School of Electrical and Electronic Engineering

The University of Nottingham

Jalan Broga, 43500 Semenyih, Selangor Darul Ehsan, Malaysia. {keyx8csw, Jasmine.Seng, Kenneth.Ang}@nottingham.edu.my

Abstract— An improved voice activity detection (VAD) based on the radial basis function neural network (RBF NN) and continuous wavelet transform (CWT) for speech recognition system is presented in the paper. The input speech signal is analyzed in the form of fixed size window by using Mel-frequency cepstral coefficients (MFCC). Within the windowed signal, the proposed RBF-CWT VAD algorithm detects the speech/ non-speech signal using the RBF NN. Once the interchange of speech to non-speech or vice versa occurred, the energy changes of the CWT coefficients are calculated to localize the final coordination of the starting/ending speech points. Instead of classifying the speech signal using the MFCC at the frame-level which easily capture lots of undesired noise encountered by the conventional VAD with the binary classifier, the proposed RBF NN with the aid of CWT analyzes the transformation of the MFCC at the window-level that offers a better compensation to the noisy signal. The simulation results shows an improvement on the precision of the speech detection and the overall ASR rate particularly under the noisy circumstances compared to the conventional VAD with the zero-crossing rate, short-term signal energy and binary classifier.

Keywords-voice activity detection; continuous wavelet transform; mel frequency cepstral coefficient; radial basis function

I. INTRODUCTION

Voice activity detection (VAD) is denoted as a crucial speech detector for most of the speech communication system, for instance, automatic speech recognition [1, 2], speech coding [3] to increase the bandwidth efficiency, speech enhancement [4] and telephony [5]. The failure of the VAD to accurately capture the presence of speech signal would directly affect the subsequent performance of the aforementioned applications. Therefore, a robust VAD for speech/non-speech detection, particularly under the noisy circumstances has become an essential topic and investigation throughout the decades [6].

There are numerous kind of VAD methodologies been proposed. The zero-crossing rate and short-term signal energy [7, 8] due to their simplicity, are normally used as the acoustic feature for the VAD. Nevertheless, the detection capability would be dramatically degraded under the noisy environments. Furthermore, the sound from the surrounding environment gives the same zero-crossing rate and energy as the speech signal, has yield the difficulty of

accurate speech detection for the VAD [9]. Other than the abovementioned methods, the available VAD algorithm includes low-variance spectrum estimation [10], higher order statistic in the linear predictive coding (LPC) residual domain [11] and pitch detection [12].
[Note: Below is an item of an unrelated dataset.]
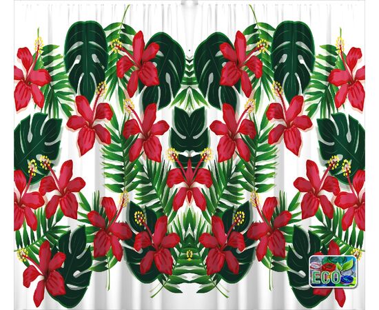 Set Draperii Blackout Homeline, realizate din material textil opac, ce nu permite patrunderea luminii, caldurii si a zgomotului din exterior. Material textil moale, elegant, poliester 100%, 250g/mp alb, material textil din trei straturi alb/negru/alb, imprimat digital pe o fata, culori vii resistente la spalat. Finisate cu rejansa lata de 6,5 cm din bumbac.

The recent research tends to incorporate the statistical model into the VAD approach to improve its performance [13-15]. J.H. Chang et al. [13] presented the VAD algorithm based on multiple statistical models, which incorporate the complex Laplacian and Gamma probability density functions for the statistical properties analysis. Besides, the VAD approaches which integrates the neural network and hidden Markov model post-processing to work under the presence of breathing noise is proposed in [15]. In [14], the VAD using support vector machine (SVM) that employs the likelihood ratios (LRs) computed in each frequency bin as the elements of the feature vector is demonstrated. Furthermore, the VAD using mel-frequency cepstral coefficients (MFCC) and SVM is presented by Tomi Kinnunen et al.[16] .
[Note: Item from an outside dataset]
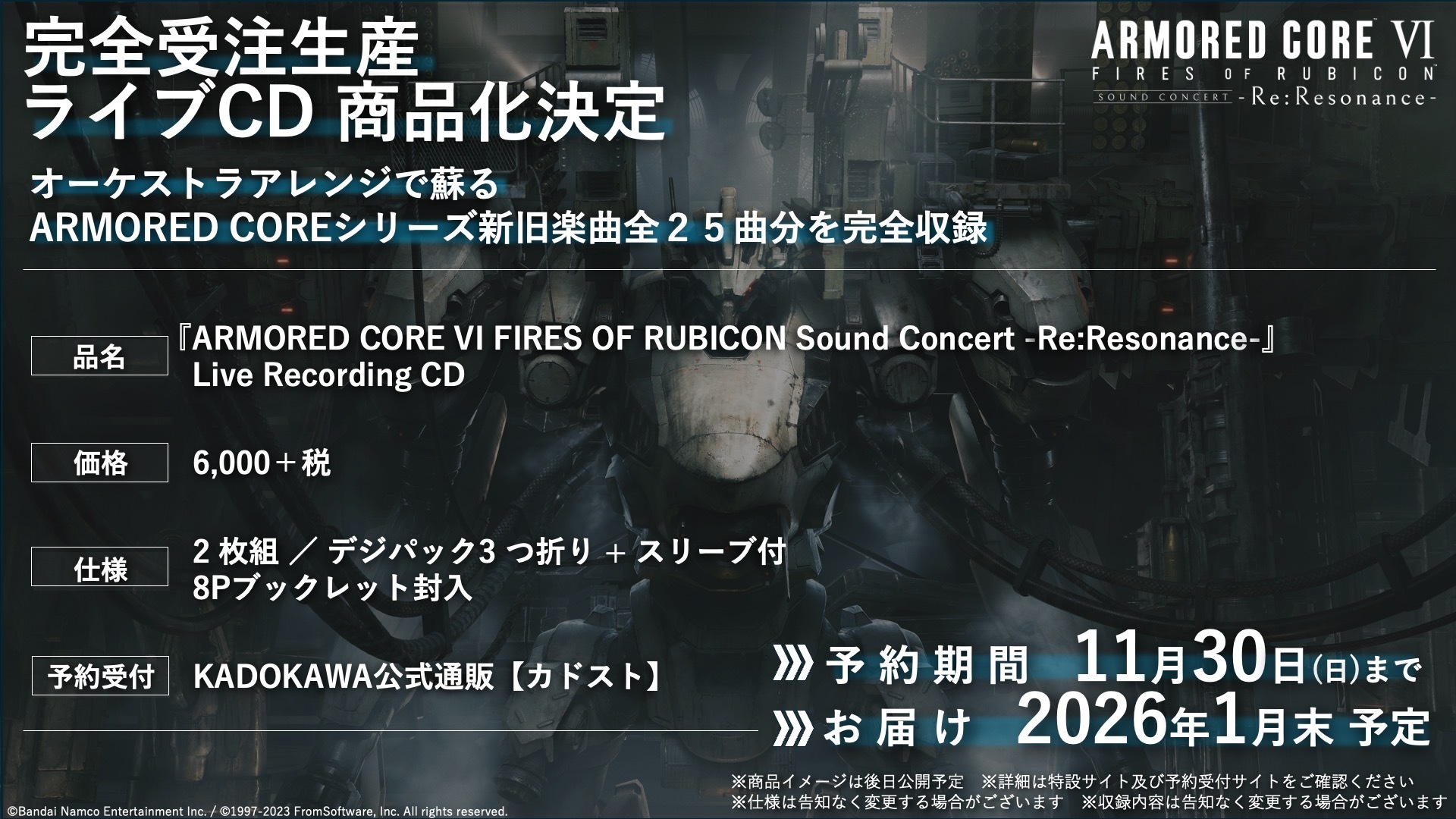 『ARMORED CORE VI FIRES OF RUBICON Sound Concert -Re:Resonance-』の東京公演のコンサート音源を収録したCD商品が完全受注生産で予約受付中。

In this paper, the VAD based on RBF NN and the CWT, in short named as RBF-CWT VAD is presented. Instead of utilizing the MFCC at the frame-level as the training material for the binary SVM classifier demonstrated in [16], the RBF NN dealt with the MFCC at the window-level and the computation of CWT energy change is proposed to improve the VAD performance especially under the noisy circumstances. This is due to the reason that the frame-level MFCC which used as the training material for the speech/non-speech classifier [16] would easily capture lots of undesired noise, though some of the post-processing, e.g., median filtering is applied to smooth out the VAD output, it is however part of the noisy signal are still be detected as the false detection. Alternatively, by evaluating the input audio signal with the window-level MFCC and the sliding information as proposed in this paper, the characteristic provided by the MFCC itself within the fixed window frame and the subsequent analyzes of the energy change of the CWT coefficients would offer a sequence of signal observation for the classifier and reduce the detection error.
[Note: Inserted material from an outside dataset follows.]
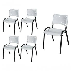 KIT 5 CADEIRA ISO EMPILHAVEL BASE PRETO ESCRITORIO, , - BRANCO

Figure 1 illustrates the overview of the proposed RBF-CWT VAD algorithm. The audio input signal is processed within a fixed length of non-overlapped window. Under the supervised learning practice, the MFCC with delta and double delta are extracted as the most representative audio

(2)

features from a number of audio signals under different environment conditions. Subsequently, the RBF NN is trained by the extracted window-level MFCC to classify the speech and non-speech signal under different level of signal-to-noise ratio. On the other hand, during the VAD operation, the CWT and its energy calculation is triggered once the frame where the interchange of speech to non-speech or vice versa occurred. The starting/ending points of the speech are localized according to the energy threshold predefined by the user and finally the detected speech signal would be sent for further ASR system to obtain final recognized speech. This paper organized as: Section 2 introduces the proposed RBF-CWT VAD algorithm and briefly discusses about the MFCC feature extraction and the process of the RBF NN. Some simulation results and analysis are demonstrated in Section 3 following by the conclusion in Section 4.

Figure 1. The overview of the proposed RBF-CWT VAD approach for ASR system

II. PROPOSED VOICE ACTIVITY DETECTION BASED ON

RADIAL BASIS FUNCTION NEURAL NETWORK AND

CONTINUOUS WAVELET TRANSFORM

The proposed RBF-CWT VAD algorithm contains three main parts: (i) feature extraction from the audio signal (ii) speech/non-speech classification and (iii) the energy calculation of CWT coefficients for speech localization. The respective components are discussed in details as in the sub-sections below.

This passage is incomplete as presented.